Non–fusogenic P/rds was generated by using site–directed mutagenesis to neutralize key charged residues in the CHR (E321L, K324A). A transgene construct consisting of the opsin promoter region, the non–fusogenic P/rds coding region and a protamine 1 polyadenylation sequence was used to generate transgenic mice that were backcrossed onto C57BL6/J and rds (+/–) backgrounds. Western blot, immunoprecipitation, and sedimentation analyses were used to assess protein structure. Light, fluorescence, and electron microscopy were used to characterize retinal structure, transgenic protein localization, and photoreceptor/RPE ultrastructure and viability.
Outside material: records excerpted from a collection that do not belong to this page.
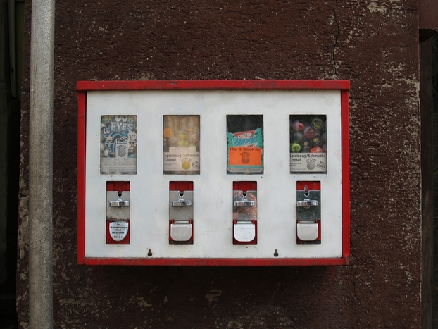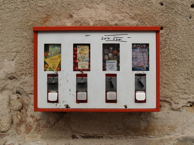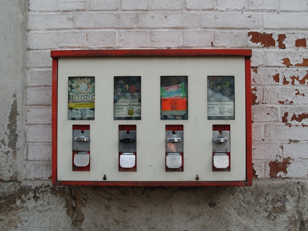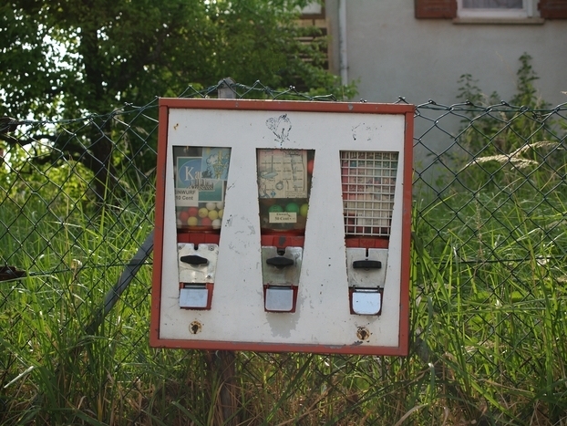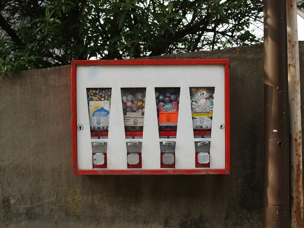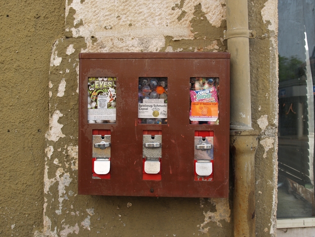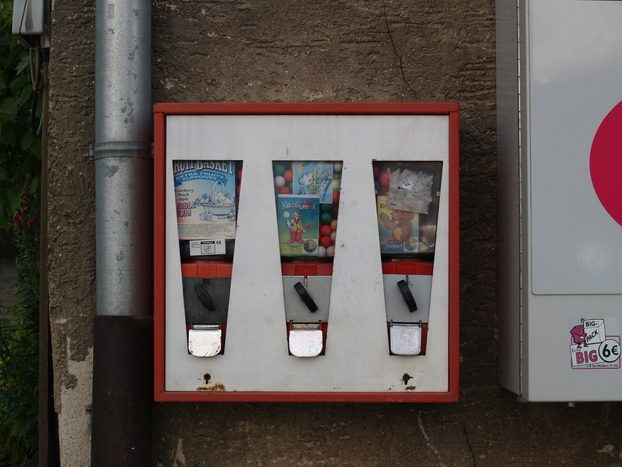 Gegenüber ist an einer Mauer ein weiterer Kaugummiautomat anzutreffen.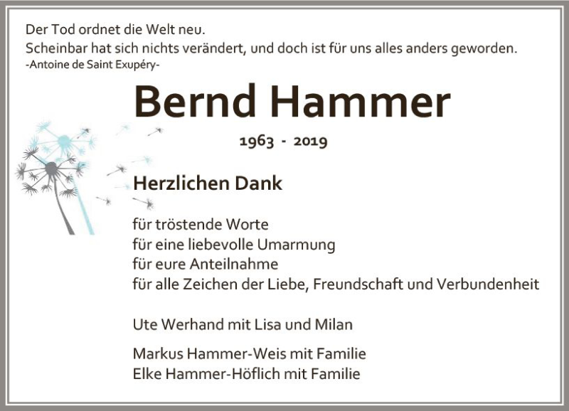 Hier finden Sie alle Traueranzeigen aus der Zeitung, die bisher für Bernd Hammer erschienen sind. Weitere Traueranzeigen, die in der Zeitung erscheinen, werden hier ebenfalls aufgelistet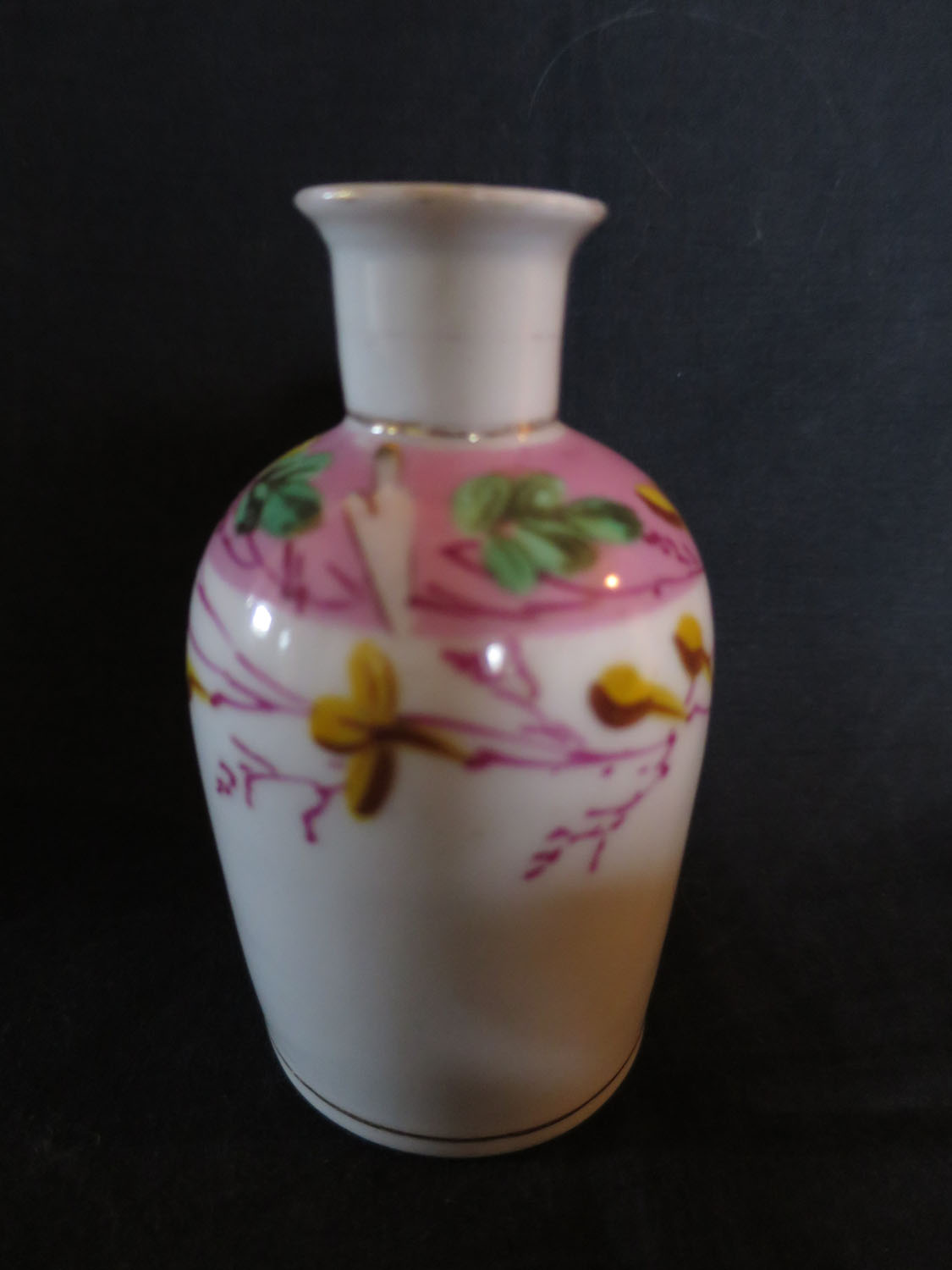 Liten flussglasvas från 1800-talets slut med utanpåliggande dekormålning.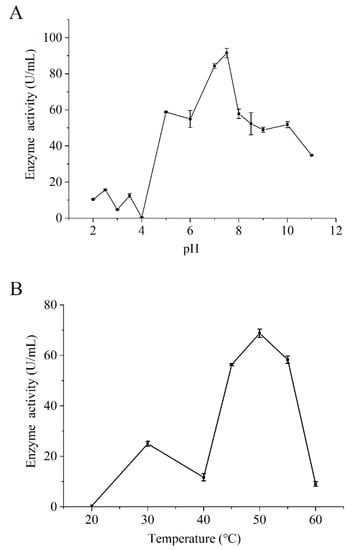 The effects of (A) pH and (B) temperature for the endogenous protease.

Non–fusogenic P/rds is detected in retinas of transgenic mice by Western blot analysis; the polypeptide displays normal electrophoretic mobility and post–translational modifications, including N–linked glycosylation and intermolecular disulfide formation. It assembles normally into a tetrameric form that is properly targeted and localized to photoreceptor outer segments. Expression of this transgene effects a rescue of OS structure in rds (+/–) retinas. The presence of non–fusogenic P/rds in photoreceptors with a normal complement of endogenous WT P/rds does not measurably affect OS morphology or photoreceptor viability in 6–12 week old animals, but results in an increased frequency of phagosomes in the RPE.
Loss of fusogenic activity does not compromise P/rds biosynthesis, tetrameric subunit assembly, or localization to OSs in transgenic murine photoreceptors. Incorporation of non–fusogenic P/rds into WT–containing tetramers does not prevent disk renewal or compromise photoreceptor viability in young mice, but may affect regulation of disk shedding and/or phagocytosis.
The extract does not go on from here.